FIG. 5 is a diagram for explaining another embodiment of the magnetic bubble memory control method according to the present invention. In this figure, the same parts as in FIG. 3 are designated by the same reference numerals. This embodiment differs from the previous embodiment in that the previous embodiment uses a read signal from an external device to operate the flip-flop circuit, whereas this embodiment uses a synchronous clock signal from an external device.

FIG. 6 is a diagram showing a time chart in FIG. 5. In the same figure, A is a read signal and B is a read signal.
is the clock signal of the external device, C is the input from the BUSY generation circuit etc. to the flip-flop circuit, and D is the input to the flip-flop circuit.
The outputs sent from the BUSY generating circuit etc. to the external device via the flip-flop circuit, and P indicate the inspection points, respectively.

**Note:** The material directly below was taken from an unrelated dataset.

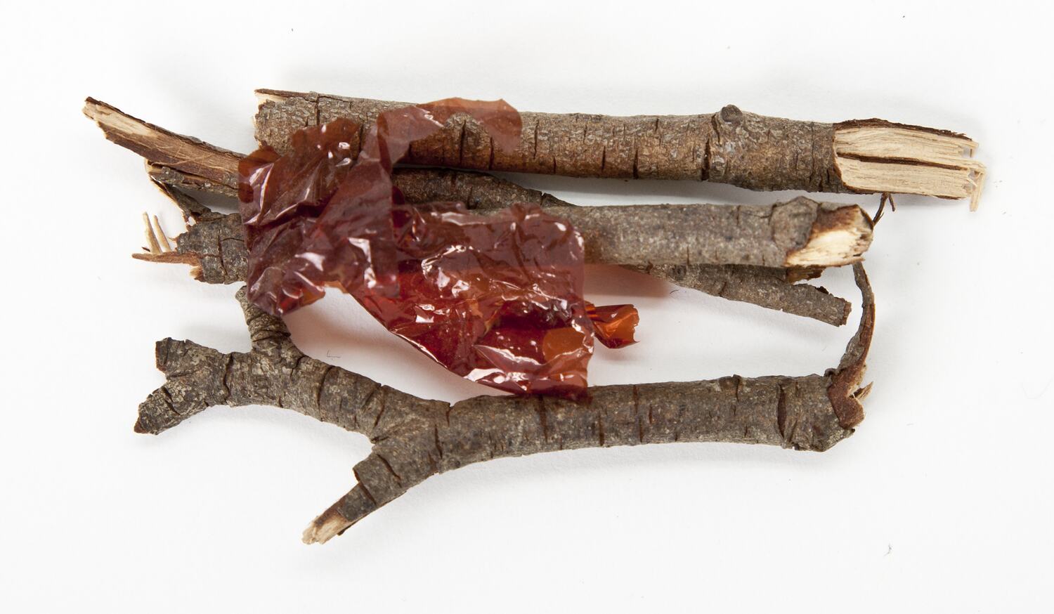 Four small twigs and a piece of red cellophane representing a log fire.

In this embodiment as well, even if the input C to the flip-flop circuit changes at the test point P, the output D does not change, so malfunction of the parity check is prevented as in the previous embodiment.

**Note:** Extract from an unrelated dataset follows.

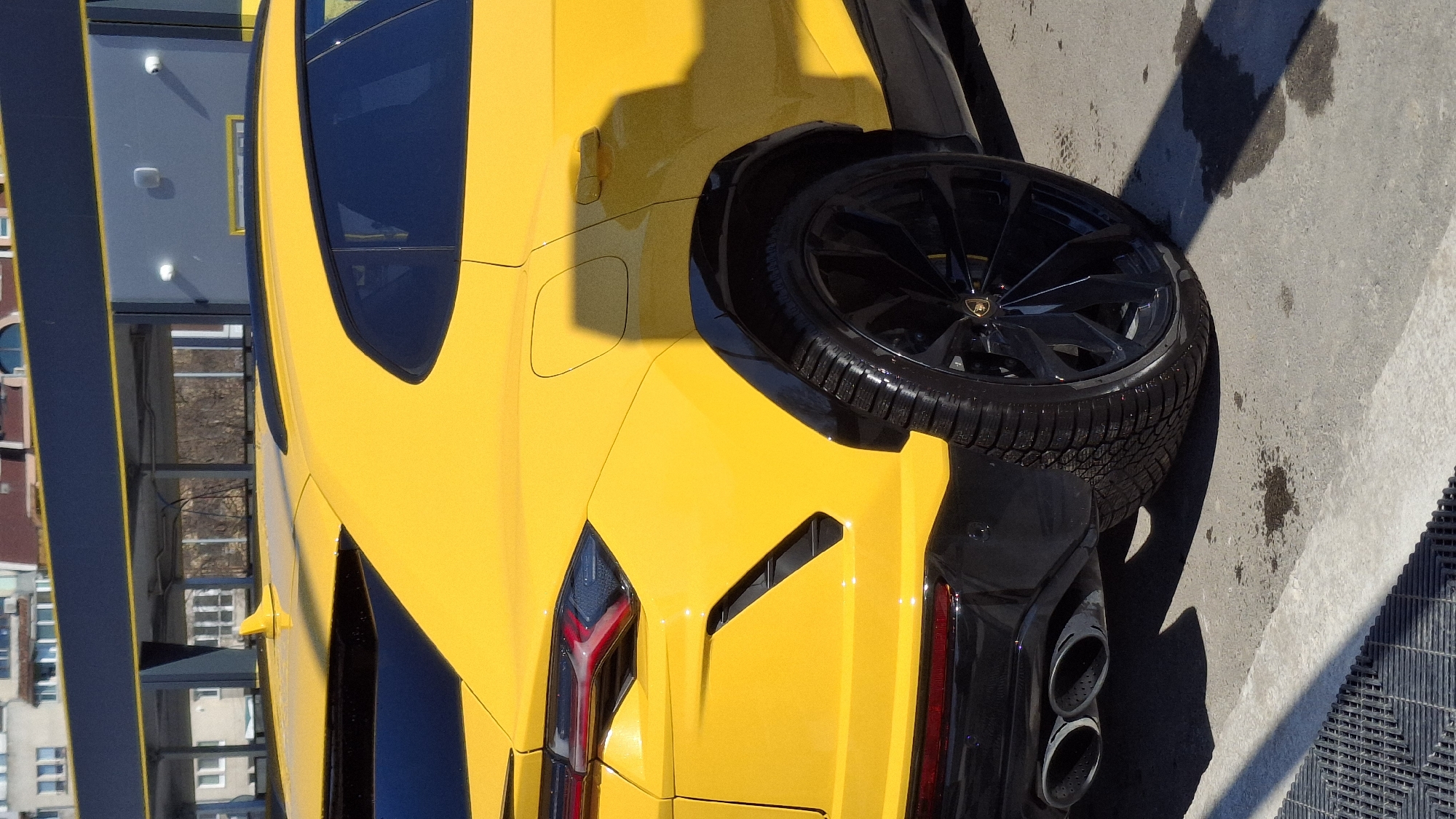 rear of a bright yellow Lamborghini Urus parked on a concrete surface

(7) Effects of the Invention As explained above in detail, the magnetic bubble memory control method of the present invention makes it possible to prevent parity check malfunctions by outputting the read data of the interface register in synchronization with the external device. This has a great effect in that it contributes to improving the reliability of magnetic bubble memory devices.

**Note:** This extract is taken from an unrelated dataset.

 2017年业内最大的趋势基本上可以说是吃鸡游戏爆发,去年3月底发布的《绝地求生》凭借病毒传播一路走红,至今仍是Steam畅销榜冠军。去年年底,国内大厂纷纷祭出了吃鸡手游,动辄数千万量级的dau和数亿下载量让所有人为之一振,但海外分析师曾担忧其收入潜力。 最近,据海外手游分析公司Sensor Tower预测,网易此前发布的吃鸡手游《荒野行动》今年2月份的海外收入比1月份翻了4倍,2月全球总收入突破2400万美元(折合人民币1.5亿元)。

[Brief explanation of the drawing]

FIG. 1 is a diagram for explaining the conventional magnetic bubble memory control method, FIG. 2 is a time chart thereof, FIG. 3 is a diagram for explaining the magnetic bubble memory control method according to the present invention, and FIG. 4 is a diagram for explaining the magnetic bubble memory control method according to the present invention. FIG. 5 is a diagram for explaining another embodiment of the magnetic bubble memory control method according to the present invention, and FIG. 6 is a time chart thereof. In the drawing, 11 is a BUSY generation circuit, 12
is the RDA generation circuit, 13 is the TDRA generation circuit, 14
15 to 18 are flip-flop circuits; 19 is a check bit generation circuit; 20 is a bubble memory controller; 21 is an external device;
2 indicates a parity check circuit, respectively.

Claims (1)

[Claims] 1. In a magnetic bubble memory control device equipped with an interface register with an external device, a flip-flop circuit activated by a read signal from the external device is inserted on the output side of the interface register, and the read data of the interface register is read. A magnetic bubble memory control method characterized by outputting data in synchronization with an external device so that data does not change during reading.